PORTLAND, Oregon — The Bureau of Land Management (BLM) held an open house in Portland on Wednesday to discuss a plan to install hundreds of wind turbines near the former Minidoka Japanese Internment Camp in Jerome, Idaho, not far from Twin Falls.
For thousands of Japanese Americans, World War II meant upheaval. After Japan's strike on Pearl Harbor, then President Franklin D. Roosevelt signed an executive order calling for all Japanese Americans living within exclusion zones on the West Coast to be kept in more than a dozen concentration camps. One of those camps was Minidoka. It's where Portlander Joni Kimoto and her family stayed between 1942 and 1945.
"It impacted me quite a bit," Kimoto said, who was 3 years old at the time. "We were there because they took away everything else."
Joni doesn't remember much about what is now the Minidoka National Historic Site, but what she can recall is meaningful to her.
"I had a memory of the vastness of Minidoka and the extreme weather that we experienced. The dust storms, and the cold winters and hot summers," she said.
A few years ago, Kimoto returned to Minidoka on a pilgrimage along with 13 family members.

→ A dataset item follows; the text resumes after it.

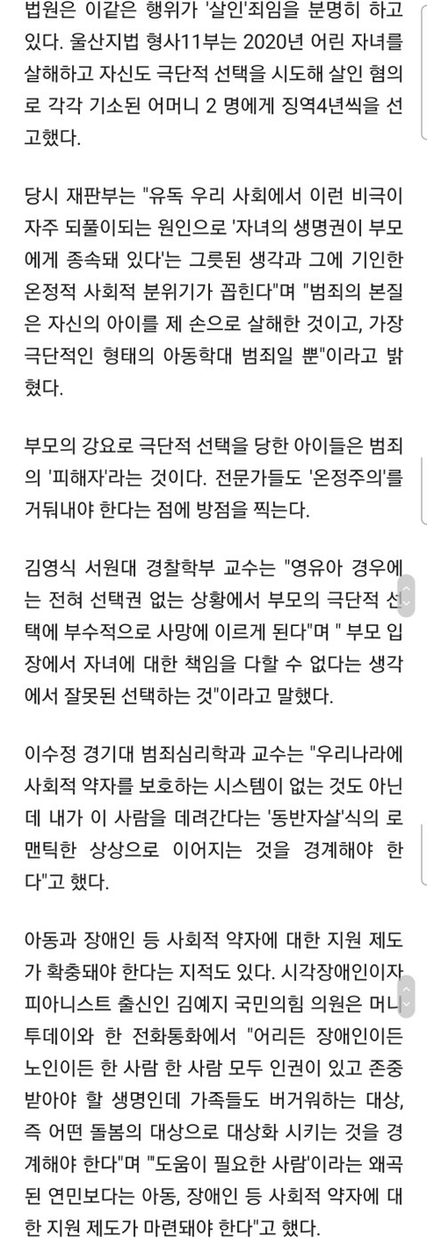 진짜 동반자살이란 단어는 이런 경우에 쓰면 안된다고 생각함. 각각 성인이 모여서 하는 거면 몰라도... 이건 그냥 비속살해지... 애만 안타깝다 진짜...

"I kept thinking, 'This is the same landscape that my parents saw when they arrived,'" she said.
It may not be the same for much longer. About two miles outside the Minidoka Historic Site is the proposed site for the Lava Ridge Wind Project. Magic Valley Energy wants to install and operate 400 wind turbines on federal, state and private land. BLM, which must sign off on the project, is taking public comment on the newly released Draft Environmental Impact Statement.
"It's not a, 'We're opposed to it/we're for it,' it's an environmental analysis," said Heather Tiel-Nelson, the public affairs specialist for the BLM’s Twin Falls District.

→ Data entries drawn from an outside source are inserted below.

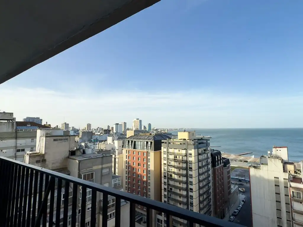 El living-comedor, recientemente reciclado, se integra al balcón corrido que ofrece una visual abierta y limpia hacia la costa. La cocina es separada, cómoda y también cuenta con salida al balcón, lo que aporta ventilación cruzada y una luminosidad destacada.
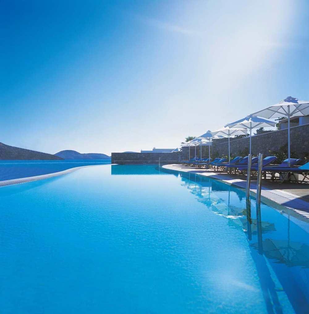 The hotel is a luxurious award winning, 5 star resort and member of The Leading Hotels of the World with VIP accommodations including luxury villas with heated outdoor pools and 19 accommodation types. The resort boasts 2 private beaches, an indoor heated pool, an outdoor pool, a luxury Spa, on-site sports facilities (including Tennis courts, Football pitches & Volleyball courts), water sports and restaurants with breathtaking views of the Mirabello Bay.
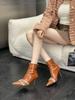 2025 autumn and winter new pointed crystal chain elastic high-heeled short boots fashionable versatile stiletto Martin boots
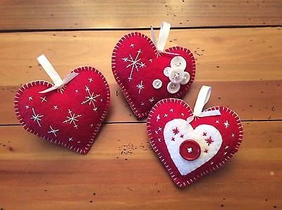 Title (ebay affiliate link): PRIM WOOL FELT PENNY RUG CHRISTMAS BOWL FILLERS ORNIES HEARTS,BUTTONS,SNOWFLAKES

Since getting the initial proposal in 2021, Tiel-Nelson said public feedback from more than 2,500 people has led to five alternative plans for the wind project site. That includes plans that would move the turbines up to six miles away from Minidoka.
"BLM has come forward with two preferred alternatives that are a much reduced size, ultimately to reduce the impacts while still allowing for the opportunity for clean renewable energy to be produced," Tiel-Nelson said.
On Wednesday, the BLM Twin Falls District set up an open house in Portland. They invited the public to check out the options, ask questions and air concerns.
"Many consider the campsites sacred," said Rich Iwasaki.
His mother and grandmother were sent to Minidoka. Iwasaki said he and many others in his community support clean energy, but not plans to build so close to Minidoka.
"It does minimize it," Iwasaiki said. "That chapter of American history, as dark as it is, is so important for future generations to understand what happened."
"It's important to know our past is being preserved," added Kimoto. "And it's not being altered by progress."
The BLM expects to make a decision in late fall. They plan to hold an open house in Seattle on Thursday.